Given material:
....

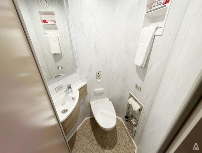 There are also plenty of storage compartments around the cabin, which is important for a small cruise room, as well as charging outlets with USB, two-pin and three-pin plugs located near the bed and dressing table.
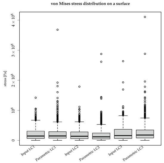 Boxplot showing von Mises stress distribution on a surface, calculated for both the feature recognition input mesh and the output parametric model, for each of three load cases. For each load case, the parametric model exhibits comparable mean stress values and the third quartile is lower, indicating better mechanical properties. On the other hand, the parametric model contains multiple outliers with high stress concentration. In practice, those areas determine the overall stiffness of the final design and are undesirable.
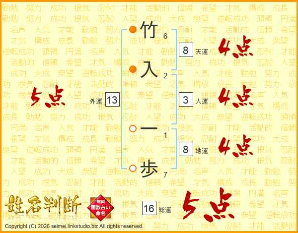 竹入一歩さんの総運は16画の5点!
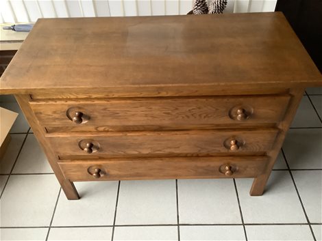 Ladekast (commode ) met spiegel kast heeft drie laden ,spiegel is apart op te hangen moet weg wegens verhuis , prijs 30 euro voor de twee .

....

Task goal:
Transcribe exactly the lines above, running from the one that contains "竹入一歩さんの総運は16画の5点!" through the final line of the listing, and skip every picture.

Exercise result:
 竹入一歩さんの総運は16画の5点!
 Ladekast (commode ) met spiegel kast heeft drie laden ,spiegel is apart op te hangen moet weg wegens verhuis , prijs 30 euro voor de twee .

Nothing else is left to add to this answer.